Those wanting to avoid traffic might consider Vertical Take-off and Landing, or VTOL, personal taxis which might be commercially available as early as 2023. Plug and Play has hosted a number of these companies (most recently Ampaire & Jump Aero) at its Friday Pitch Sessions and University Pitch Sessions in recent months and investors, increasingly more flexible to longer capital cycles, are allowing these technologies to take off. All of this electrification is creating a huge demand for batteries and a new paradigm for energy, which is the subject of our next trend: Dispatchable Energy Storage.
Dispatchable energy and storage
Lithium-ion batteries’ extensive press has catapulted them into the mainstream, but the battery chemistry used in your phone shouldn't be the same as that of the grid. While standardization and scale have led to Li-ion prices dropping 97% since commercialization in 1991, commodity crunches are expected to cause battery pack prices to increase for the first time to $135/kWh. While lithium is abundant in the earth’s crust, the raw material increased by 438% last year. Scaling mining operations can take 5-10 years, and in the medium term, supply will not meet the demand of EV manufacturers’ commitments. Complicating things further is the poor security of the supply of minerals like cobalt, another key material, as production is dominated by China and the politically-unstable DRC.
With the Li-ion industry mature and demand outstripping supply, the energy sector has shifted focus to long-duration energy storage like Form Energy’s iron-air battery and Antora Energy’s thermal energy storage. Hydrogen is a really valuable energy vector which can be stored and transported using the existing natural gas infrastructure. It's already used extensively, for example in fertilizer production, although about 31 PWh of renewable energy (more than all global production today) will be required annually to limit global warming to 1.5℃. While Ecolectro’s membrane technologies and H2GO’s innovative solid-state hydrogen storage can help us get there, these are just two examples of a very exciting industry that's just warming up.

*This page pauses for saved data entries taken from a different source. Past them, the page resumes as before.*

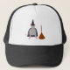 Ce casquette impressionnant présente une image art numérique d'une mignonne sorcière de rat gris avec oreilles roses, nez, pieds et queue. Le rat porte un casquette pointu noir avec une boucle d'or et des étoiles violettes tout autour. Les rats portent aussi un manteau noir couvert d'étoiles violettes. A côté du rat, un balai brun fait de brindilles. Ce rat est habillé prêt pour une fête d'Halloween.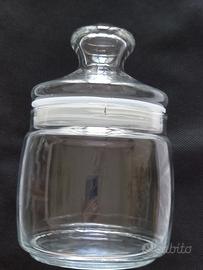 Due barattoli in vetro trasparente con tappo a tenuta.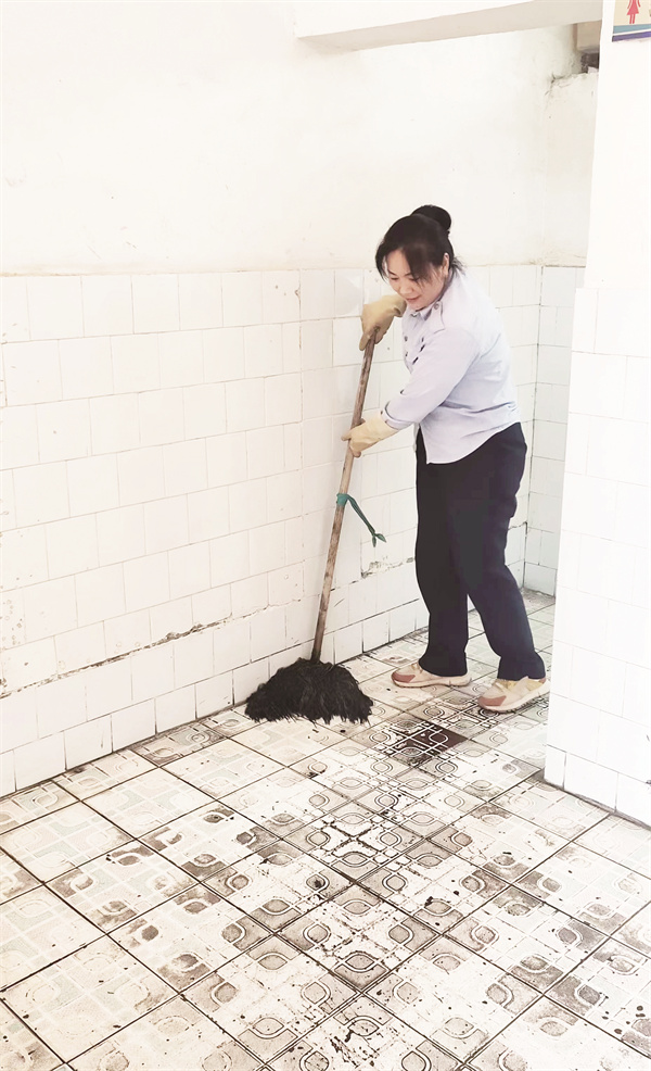 受高鐵開通、800公里以上客運班線取消及疫情反復(fù)影響,客流大幅下降,南陽汽車站業(yè)務(wù)萎縮人員富余。2021年9月,趙盈轉(zhuǎn)崗到書院小學(xué),負責(zé)打掃辦公樓和教學(xué)樓的十幾個衛(wèi)生間。為了不影響學(xué)生正常上課,又要保持衛(wèi)生間干凈無異味,就需要利用上課時間進行打掃,每天都要用水桶從外面提水沖洗六七次,還要利用節(jié)假日期間對衛(wèi)生間進行大掃除。勞動強度大,趙盈腰部又受過傷,她丈夫擔(dān)心連做飯都不會做、沒怎么干過家務(wù)的她堅持不下來。趙盈動情地說:“站上人員多,公司不僅不裁員,還想辦法為我們提供崗位,雖然苦點累點,但工資比原來發(fā)得多,我已經(jīng)很滿足了。”她是這樣說的,也是這樣做的。剛轉(zhuǎn)崗時,她業(yè)務(wù)不熟,常常累得筋疲力盡卻事倍功半。為了盡快適應(yīng),她虛心向有經(jīng)驗的同事請教,每天提前到崗,臟活累活搶著干。每天早上8點前到崗,晚上9點多打掃完離開,風(fēng)雨無阻,一干就是兩年,趙盈由剛開始的手忙腳亂到現(xiàn)在已是有條不紊。
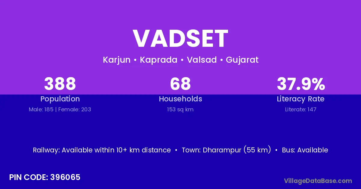 Dharampur (55 km) is the nearest town to Vadset village for major economic activities and is located approximately 55 km away.
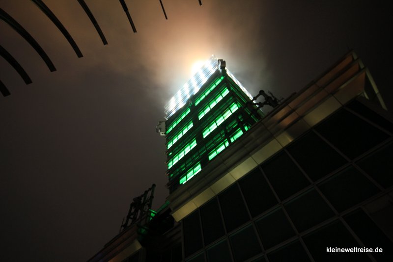 Wir kamen mit dem kostenlosen Shuttlebus von der City-Hall-U-Bahn an und standen direkt inmitten einer Luxus-Mall wieder, die den Luxusmeilen in Hongkong um nichts nachstand. Wir schlurften über den weißen Marmorboden, bis wir endlich hinter Prada und Luis Vitton die kleine Rolltreppe fanden. Sie führte zum schnellsten Aufzug der Welt (Guinness Weltrekord). Mit dem rasten wir mit 60 Sachen in den 89. Stock. Der Tag war nebelig-schön, die Plattform war kurz unter der Wolkendecke. Immer wieder zogen Wolken vorbei und umhüllten kurz die Spitze des Turms.

Novel forms of energy production can help increase the resiliency of a future grid dominated by wind and solar. Quaise is developing superhot rock geothermal energy, and while geothermal is not new, their millimeter wave-drilling technology goes deeper and hotter than ever before. At 10 - 20 km deep and temperatures of 1000°F, cost-competitive, essentially limitless baseload energy exists everywhere in the world. Another alternative, Advanced Nuclear and startups like TerraPower will leverage highly standardized designs to reinvigorate an industry plagued by massive cost overruns. This will ultimately contribute a significant portion of carbon-free energy to help us fully decarbonize the grid.
Not the end, but the beginning
Grid digitization, IoT devices, empowered consumers, and a host of other factors are driving the energy sector, teaching an old dog to learn new tricks. Substitute the X in XaaS with Energy, Mobility, or Charging. Apply ML and AI to visualize, interpret, optimize, and overhaul seriously complex energy systems. We’re just beginning the energy transition, but the future is bright, and Plug and Play is proud to be part of it.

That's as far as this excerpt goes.